Former Staten Island Railway station

Tower Hill is a station on the abandoned North Shore Branch of the Staten Island Railway, located in Tower Hill between the Port Richmond and Elm Park neighborhoods. The station lies between Treadwell and Sharpe Avenues about 3.4 mi from the Saint George Terminal, with two tracks and an island platform. It is one of the three best-preserved stations on the line, the other two being Port Richmond and the line's western terminus at Arlington, in Mariners Harbor.

==History==
The station opened on February 23, 1886. Formerly a surface station, it and the Port Richmond station one stop east were elevated onto the current concrete trestle in 1935 as part of an SIRT grade crossing elimination project, opening as an elevated station on February 25, 1937. West of the station past Nicholas Avenue, the line recedes into an open-cut.
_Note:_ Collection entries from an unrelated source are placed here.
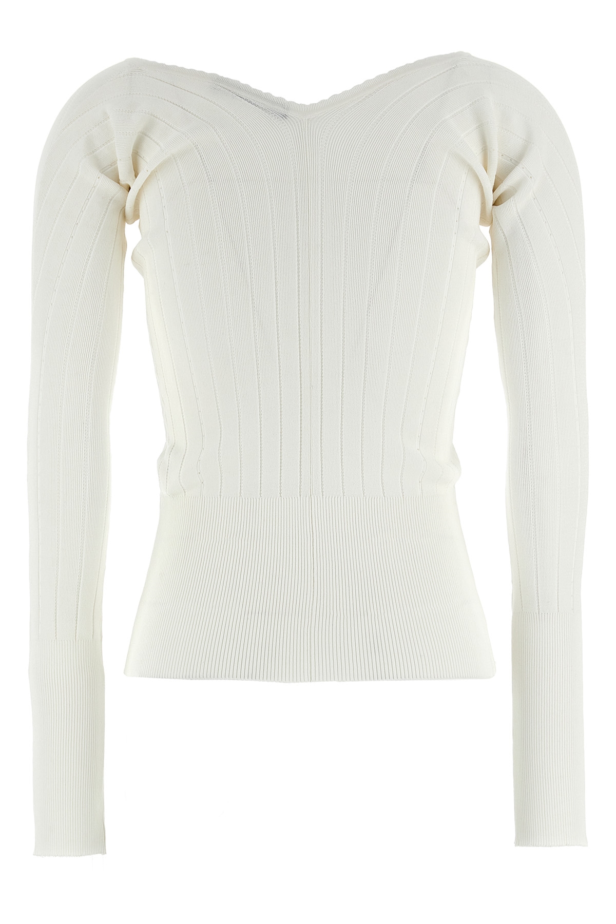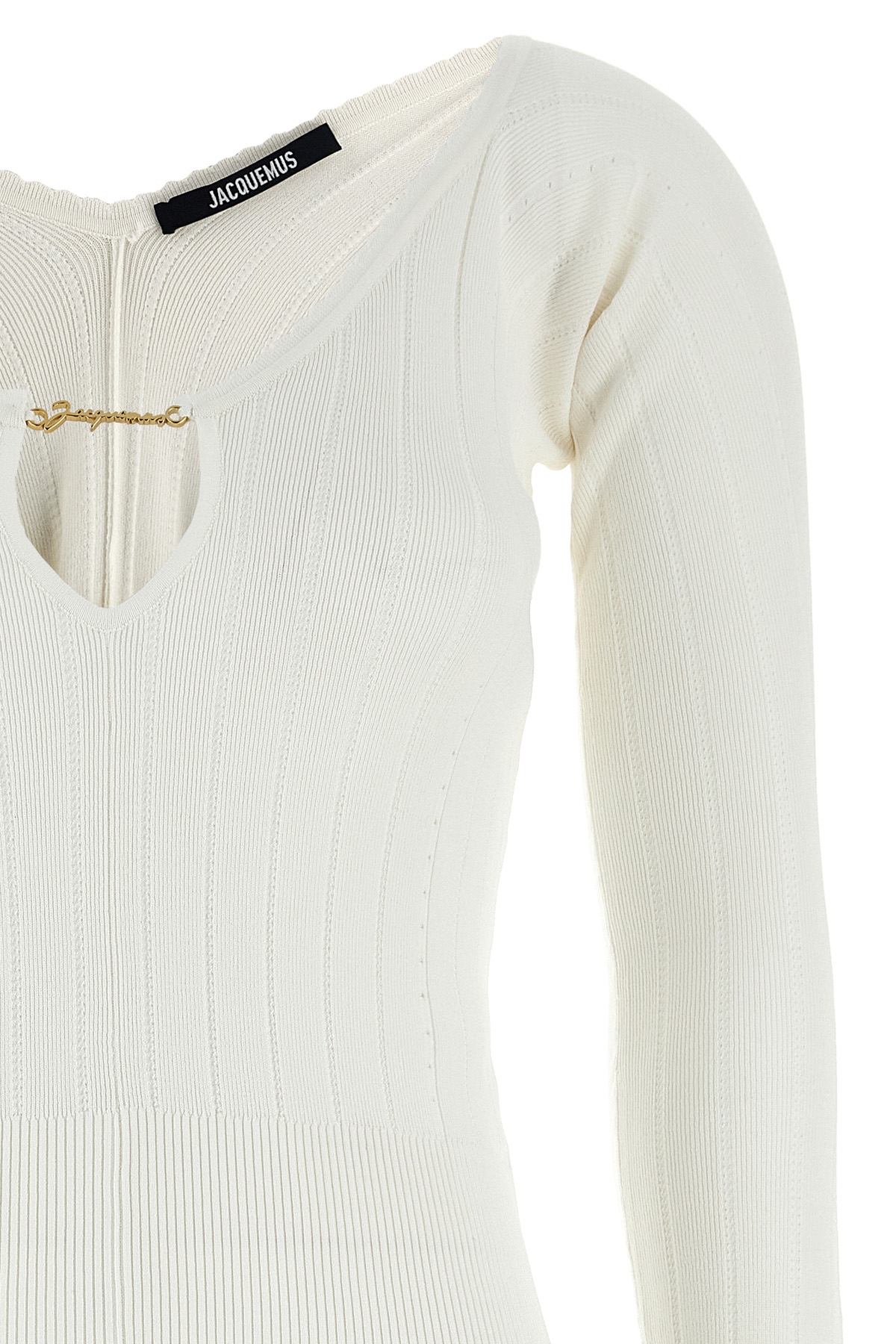 'Le haut Pralu' ribbed stretch viscose top, front cut-out detail with gold metal logo charm, long sleeves.
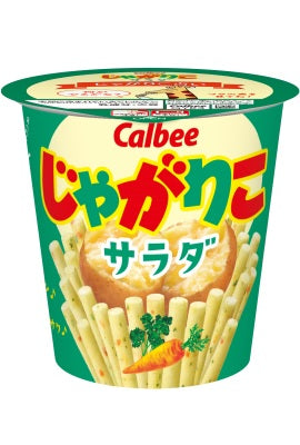 Calbee's Jagarico Salad Flavour is a stick-type snack with a crunchy texture. Based on a potato base, it has a refreshing, lightly salty taste with the added flavour of cabbage, carrots and other vegetables.
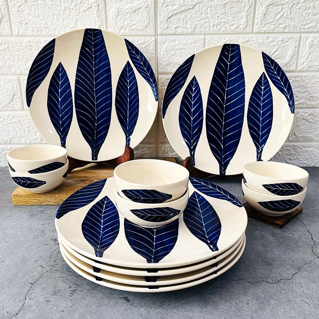 Patram Hand Painted Ceramic Dinner Set - 12 Pieces, White & Blue | 6 Dinner Plates + 6 Katori Bowls, 180ml Each Dinnerware Set | Serving For 6, Microwave Safe
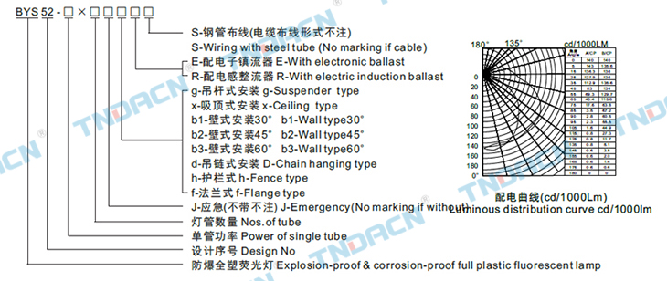 4.内装电子镇流器为我公司特制的防爆镇流器,具有短路和开路保护性能,针对灯管的老化效应和漏气现象配有预防电路,使灯具能正常工作,且高效节能COSф≥0.98,具有宽电压输入,在电压170~250VAC范围内,均能保持恒功率输出,不影响输出光效;
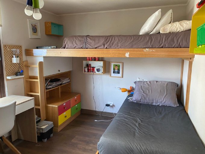 El condominio tiene áreas verdes, juegos infantiles y piscina.

Tower Hill station closed on March 31, 1953, along with the South Beach Branch and the rest of the North Shore Branch.

== Station layout==
| P Platform level | Westbound | Trackbed |
Island platform, not in use
| Eastbound | Trackbed | |
| G | Street level | Exit/Entrance |

It is one of the few stations along the North Shore Branch still standing, although in ruins.

Like the nearby Port Richmond station, the station has a concrete island platform with a metal canopy and street staircases at both ends of the platform. The westernmost exit is at Treadwell Avenue. The easternmost exit is just east of Sharpe Avenue on private property, leading to an empty lot on Grove Avenue.